Entendendo os gregários

OPINIÃO24.10.202004:00

Pouca coisa será mais pesarosa no desporto do que o corredor que pedala para o líder da equipa, que o leva montanha acima para depois, pássaro abatido, encostar-se à berma. No ciclismo, a equipa é um contrato, raramente tem o simbolismo de um clube. Estar na equipa que ganha não é ganhar, como no futebol. Toda a gente sabe o que Maradona fez em 1986, mas quem gosta de futebol sabe quem foi Burruchaga. Há um documentário bom sobre este tema admirável dos gregários, Wonderful losers, gravado em Itália, em 2015.

«É a metáfora da vida», destaca o realizador lituano Arunas Matelis. Na passada quinta-feira, enquanto seguia a etapa do Giro, tentando impulsionar João Almeida com a mente, senti, por ausências, a importância destes homens, artistas do sacrifício. Primeiro, Jay Hindley, australiano, não carregou o líder da equipa, o holandês Wilco Kelderman. No final, em fotografia desconfortável, Kelderman foi questionado sobre a opção do colega, que fizera corrida mais pessoal e menos em prol do líder, e lamentou: «Não sei porque não me apoiou.» Segundo caso: ninguém ajudou João Almeida. Fausto Masnada, quem podia, no final estava tão triste por não ter conseguido levar o português que foi este a consolá-lo.

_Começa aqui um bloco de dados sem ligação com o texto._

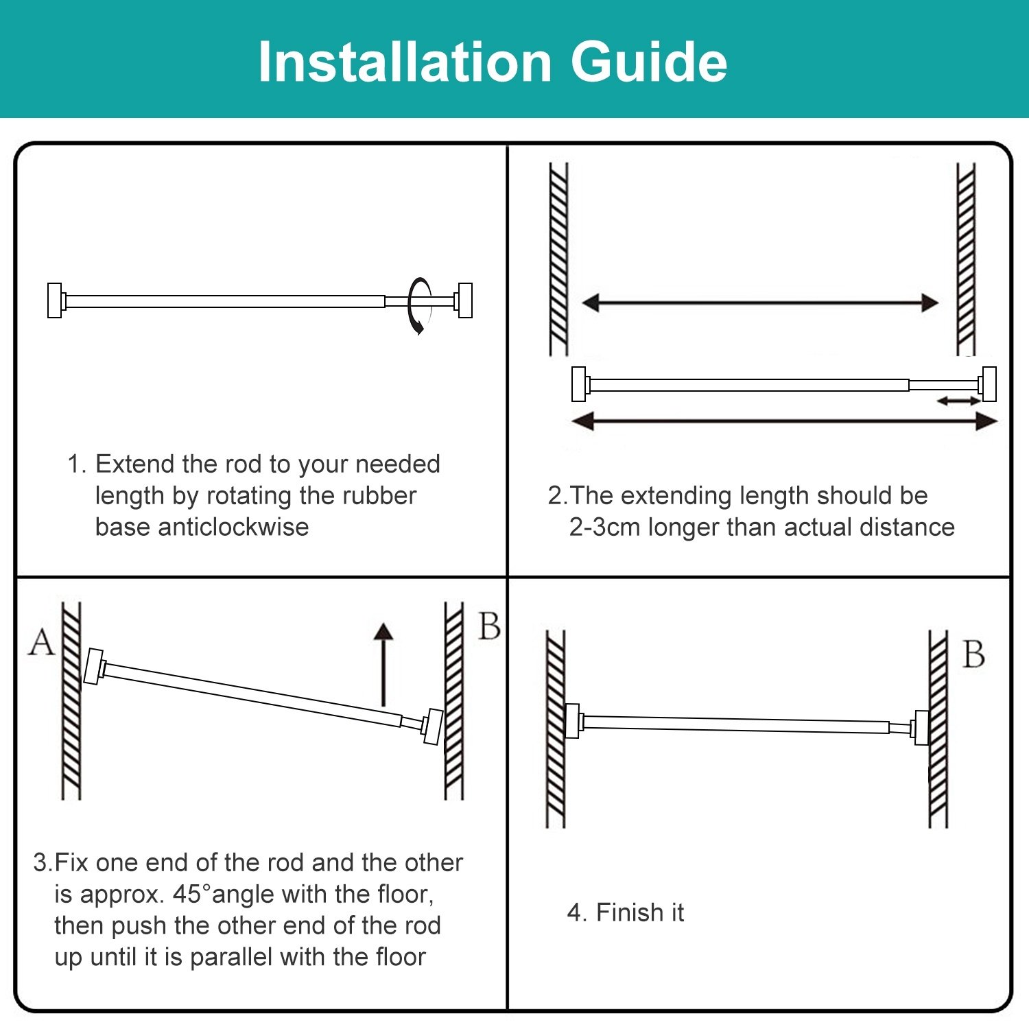 *Wide Applications*:Our tension rod can be used in bathroom,wardrobe,kitchen,balcony,etc. to hang window curtain,shower curtain and towels,hold kitchenware and organize clothes,ties,jewelry and so on.

Destes, só Hindley falhou no trabalho de gregário, repare-se. Masnada, não. Só falharia se não tivesse tentado ou ousasse correr para ele e não para o líder. São lições. Tristes, mas ainda assim. Há um livro sobre gregários que lerei brevemente por recomendação de um amigo: Domestique, a história de Charly Wegelius. Quem? Pois, lá está.... Diz-me esse amigo: «É um desalento. É como ouvires Nick Cave com a testa encostada à janela enquanto chove lá fora.» Parece-me ótimo. Há uma beleza qualquer na dor e no sofrimento.